Inspired by joint work with Aiden Sagerman below, I prove an extension of the classical result that homology cobordant 3-dimensional lens spaces are oriented diffeomorphic by showing that the same is true for direct sums. The key observation is that Fourier transforms allow one to effectively recognize the invariants of the summands. This was inspired by one of Aiden's observations when we were investigating the much more intricate scenario of products.

Affine hyperplanes in abelian groups (joint with Aiden Sagerman) ~ available on arXiv ~ Topology Appl. 339 (2023), Paper No. 108692.

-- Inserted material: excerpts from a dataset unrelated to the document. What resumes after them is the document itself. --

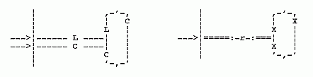 The possible conventional networks that are compatible with the coupled triplet are shown below. In all cases when performing these transformations you must specify the branch number marked by the arrow. Note that this transformation can not be reversed later. It can be undone by using the "oops" feature command however. Oops will undo the last 10 commands. If you are not comfortable with the transformations that are to follow and would like to be able to back up directly to a point before the Mis1: Triplet command, you can also use the Mis1: save command to save the network before the Triplet command is given. You can recall it later using the Msc1: Recall command.
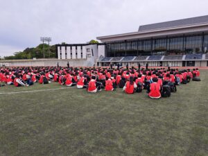 本日は教室に登校後、9時半頃より本校を出発。貸し切りバスにて、和歌山県田辺市の田辺スポーツパークへ向かいました。現地へ到着後、昼食をとり、プログラムを行います。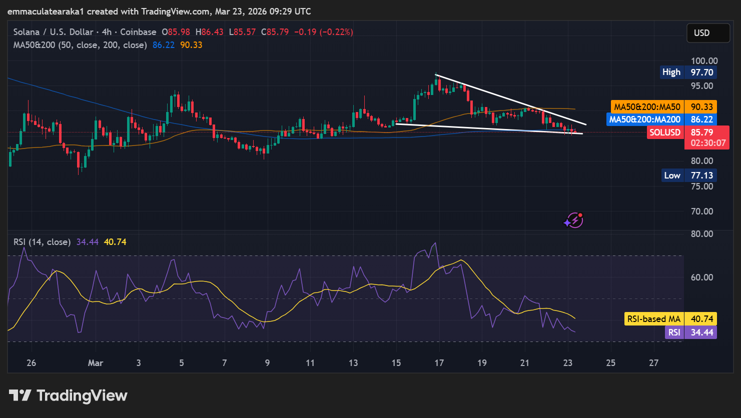 The next major support zone is between $84 and $81 on the chart. This area saw intense buying interest and could attract new buyers if the price stabilizes.​ Above, resistance sits around $86-$90, with the 50-day and 200-day SMAs ready to block any rebounds. If Solana can reclaim this area, a push higher to $91 might be possible. However, the selling pressure remains strong.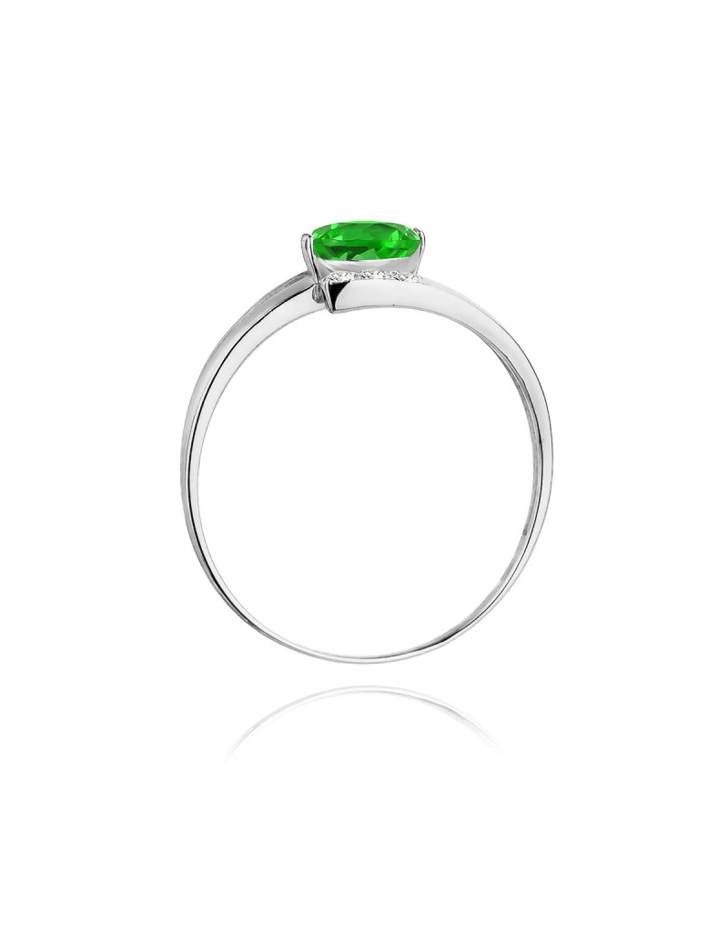 Bajeczny pierścionek z białego złota z owalnym szmaragdem, oraz lśniącymi brylantami osadzonymi na wygiętych szynach.

Inspired by invariants with a certain multiplicativity property, we study isomorphisms between products of finite cyclic groups with the following curious property: if f(x) has some coordinate zero, then x has some coordinate zero. With an appropriate definition of "hyperplane", this reduces to the question: when can a hyperplane in a product of finite cyclic groups be contained in the union of coordinate hyperplanes? 

We completely classify these isomorphisms: as a special case, when all the cyclic factors have order larger than 2, they must be diagonal. Applying this to topology, we show that there exist a family of 4-manifolds X(n) which can be recovered from their products, and that any homeomorphism between products must induce the diagonal map on first homology.